Ex-safety chair billed taxpayers for personal travel

The former head of the US safety agency that investigates major industrial accidents improperly charged the government for tens of thousands of dollars in travel and office-furnishing expenses, a federal watchdog said in a report made public Thursday.

Katherine Lemos, who served as chair of the US Chemical Safety and Hazard Investigation Board from 2020 until July of last year, charged the government nearly $50,000 in airfare and other costs to travel from her residence in San Diego to the safety board’s headquarters in Washington, DC, the Environmental Protection Agency’s Inspector General concluded. Lemos also billed the government for a trip to Norfolk to attend the embarkation of an aircraft carrier, the report said, adding the expenses were in violation of federal travel regulations.

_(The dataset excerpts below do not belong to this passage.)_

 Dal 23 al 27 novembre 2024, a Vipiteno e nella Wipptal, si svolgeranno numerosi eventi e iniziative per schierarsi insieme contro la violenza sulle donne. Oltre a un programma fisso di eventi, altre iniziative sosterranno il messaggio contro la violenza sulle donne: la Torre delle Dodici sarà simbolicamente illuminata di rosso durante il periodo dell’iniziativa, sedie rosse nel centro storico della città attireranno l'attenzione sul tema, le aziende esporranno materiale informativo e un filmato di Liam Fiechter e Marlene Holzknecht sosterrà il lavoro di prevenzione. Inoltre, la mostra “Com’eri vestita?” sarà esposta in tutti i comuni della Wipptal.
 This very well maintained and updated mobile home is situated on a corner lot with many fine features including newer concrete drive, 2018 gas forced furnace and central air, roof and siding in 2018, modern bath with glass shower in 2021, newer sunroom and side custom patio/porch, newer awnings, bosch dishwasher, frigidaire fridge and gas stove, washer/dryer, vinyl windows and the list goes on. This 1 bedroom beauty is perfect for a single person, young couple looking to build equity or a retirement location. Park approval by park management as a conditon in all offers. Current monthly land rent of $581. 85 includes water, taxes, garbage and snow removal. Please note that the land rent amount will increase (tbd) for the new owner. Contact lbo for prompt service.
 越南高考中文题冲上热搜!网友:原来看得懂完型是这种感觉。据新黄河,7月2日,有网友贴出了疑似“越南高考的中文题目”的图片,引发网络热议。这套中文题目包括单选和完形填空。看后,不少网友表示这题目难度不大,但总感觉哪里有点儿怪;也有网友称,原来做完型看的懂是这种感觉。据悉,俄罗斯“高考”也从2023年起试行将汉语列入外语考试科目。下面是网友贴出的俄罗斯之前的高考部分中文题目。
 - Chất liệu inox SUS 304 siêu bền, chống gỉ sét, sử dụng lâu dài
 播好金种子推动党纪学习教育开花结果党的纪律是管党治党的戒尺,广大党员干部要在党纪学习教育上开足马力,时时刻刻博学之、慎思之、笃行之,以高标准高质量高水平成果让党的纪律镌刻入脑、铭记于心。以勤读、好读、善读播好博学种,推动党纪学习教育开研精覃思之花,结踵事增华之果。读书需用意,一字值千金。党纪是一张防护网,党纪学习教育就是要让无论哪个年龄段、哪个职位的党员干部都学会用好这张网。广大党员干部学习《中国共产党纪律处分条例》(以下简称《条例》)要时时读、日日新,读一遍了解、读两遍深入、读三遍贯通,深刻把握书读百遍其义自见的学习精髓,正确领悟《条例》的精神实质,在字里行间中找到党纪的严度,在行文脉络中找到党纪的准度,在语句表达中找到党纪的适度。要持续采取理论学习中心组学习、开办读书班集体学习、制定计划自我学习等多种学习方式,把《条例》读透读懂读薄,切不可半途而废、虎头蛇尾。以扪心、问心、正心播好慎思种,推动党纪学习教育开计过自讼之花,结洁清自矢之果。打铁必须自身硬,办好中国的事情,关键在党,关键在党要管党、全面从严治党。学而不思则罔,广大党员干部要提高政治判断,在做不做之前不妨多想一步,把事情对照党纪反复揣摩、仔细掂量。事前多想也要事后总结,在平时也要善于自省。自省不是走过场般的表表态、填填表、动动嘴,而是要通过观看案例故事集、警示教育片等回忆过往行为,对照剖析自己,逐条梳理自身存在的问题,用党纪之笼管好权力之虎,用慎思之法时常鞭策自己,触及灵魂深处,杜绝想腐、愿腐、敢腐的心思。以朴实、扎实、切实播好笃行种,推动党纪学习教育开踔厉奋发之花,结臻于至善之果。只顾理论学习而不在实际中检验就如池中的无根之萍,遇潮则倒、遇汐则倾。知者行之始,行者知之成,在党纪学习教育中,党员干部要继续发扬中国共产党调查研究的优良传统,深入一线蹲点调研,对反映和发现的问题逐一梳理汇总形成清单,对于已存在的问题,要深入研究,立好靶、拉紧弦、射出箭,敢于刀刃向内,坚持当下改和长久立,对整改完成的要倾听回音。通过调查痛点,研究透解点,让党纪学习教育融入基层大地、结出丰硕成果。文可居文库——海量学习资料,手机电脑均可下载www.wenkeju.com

In addition, Lemos, who was nominated to head the board by then President Donald Trump, spent more than $22,000 to redecorate her office in the safety board’s Washington headquarters — more than four times the $5,000 limit — according to the inspector general. Among the purchases: $4,340 for red “chili pepper” leather upholstery for two lounge chairs with matching foot rests. The report added documentation for one of the purchase orders, noting that it “appears to have been designed to obscure the fact” the furniture was intended for Lemos’ office.

In response to a request for comment, Lemos provided a June 15 letter from her attorney to the inspector general that said the agency ignored exculpatory evidence and “refuses to credit Dr. Lemos’ explanations.”

The inspector general’s report said Lemos, through her counsel, disagreed with the report’s conclusions and “asserted that she relied on the advice of CSB staff regarding the expense reimbursements at issue.”

The board, which has investigated incidents ranging from BP Plc’s 2010 Deepwater Horizon drilling rig blowout to a chemical spill that tainted drinking water for hundreds of thousands of West Virginians, was proposed for elimination by Trump who argued the group’s focus on regulation had “frustrated both regulators and industry.”